2. Running a Backtesting Batch Process

from strategies.batch_processing import BacktestingBatchProcessor, BatchProcessingConfig
from config.strategies.config_utils import StrategyConfigurationManager
import pandas as pd
from datetime import datetime, timedelta, timezone

# Example historical data (in a real scenario, this would come from a database)
# This is a placeholder for demonstration purposes
# Ensure you have actual OHLCVCandle data or a DataFrame that mimics it
example_data = [
    # ... populate with enough OHLCVCandle objects for indicator warm-up
    # For instance, 100 OHLCVCandle objects
]

# Create a mock DataFrame for demonstration, ensure it has 'open', 'high', 'low', 'close', 'volume', 'timestamp'
# For testing, you'd load actual data or generate a synthetic one.
ohlcv_data = []
start_ts = datetime.now(timezone.utc) - timedelta(days=30)
for i in range(300):
    ohlcv_data.append({
        "timestamp": (start_ts + timedelta(hours=i)).isoformat(),
        "open": 100.0 + i * 0.1,
        "high": 101.0 + i * 0.1,
        "low": 99.0 + i * 0.1,
        "close": 100.5 + i * 0.1,
        "volume": 1000.0 + i * 10
    })
market_df = pd.DataFrame(ohlcv_data).set_index("timestamp")
market_df.index = pd.to_datetime(market_df.index).to_pydatetime() # Convert to datetime objects if needed

# Initialize batch processor config
batch_config = BatchProcessingConfig(
    chunk_size=100, # Process in chunks for memory efficiency
    max_concurrent_tasks=2
)
batch_processor = BacktestingBatchProcessor(batch_config)

# Load strategies to backtest
config_manager = StrategyConfigurationManager()
strategies_to_backtest = {
    "ema_crossover": config_manager.load_strategy_template("ema_crossover"),
    "macd": config_manager.load_strategy_template("macd")
}

# Run batch processing
if all(strategies_to_backtest.values()): # Ensure all configs are loaded
    print("Starting batch backtesting...")
    results = batch_processor.process_strategies_batch(
        market_df=market_df,
        strategies_config=strategies_to_backtest,
        symbols=["BTC-USDT", "ETH-USDT"],
        timeframe="1h"
    )
    print("Batch backtesting complete.
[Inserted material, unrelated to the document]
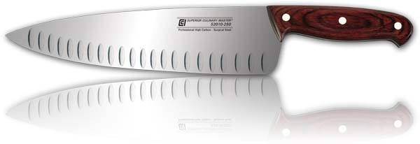 Also known as a French or Cook's knife, the blade is curved to allow a rocking motion during usage to get a more precise cut. This knife is the all purpose, "worker knife" in the kitchen, and is used for a variety of slicing, chopping, dicing and mincing tasks.

Results:")
    for strategy_name, symbol_results in results.items():
        for symbol, strategy_results_list in symbol_results.items():
            print(f"  Strategy: {strategy_name}, Symbol: {symbol}, Signals: {len(strategy_results_list)}")
else:
    print("Failed to load all strategy configurations. Skipping batch processing.")

Dependencies

Internal Dependencies

  • database.operations: For database interactions (storing signals).
  • data.common.data_types: Defines common data structures like OHLCVCandle.
  • data.common.indicators.TechnicalIndicators: Provides access to pre-calculated technical indicators.
  • components.charts.data_integration.MarketDataIntegrator: Used by StrategyDataIntegrator to fetch raw market data.
  • utils.logger: For logging within the module.
  • config.strategies.config_utils: For loading and managing strategy configurations.

External Dependencies

  • pandas: For data manipulation and vectorized operations.
  • datetime: For handling timestamps and time-related calculations.
  • typing: For type hints.
  • dataclasses: For defining data classes like RealTimeConfig, StrategyExecutionContext, etc.
  • threading, queue, concurrent.futures: For managing concurrency and background processing in real-time execution.

Testing

To run tests for the strategies module, navigate to the project root and execute:

python -m pytest tests/strategies/test_realtime_execution.py -v
python -m pytest tests/strategies/test_batch_processing.py -v
# Add other relevant strategy tests here, e.g., for data_integration, manager, factory

Known Issues

  • Incremental Calculation Optimization: The _calculate_incremental_signals method in RealTimeStrategyProcessor currently falls back to full recalculation. True incremental calculation (only processing new candles and updating existing indicator series) is a future optimization.
  • Chart Layer Updates: While the StrategySignalBroadcaster triggers a chart update callback, the actual chart layer integration (components/charts/layers/strategy_signals.py) and dynamic signal display on the chart are part of Task 5.0 and not fully implemented within this module.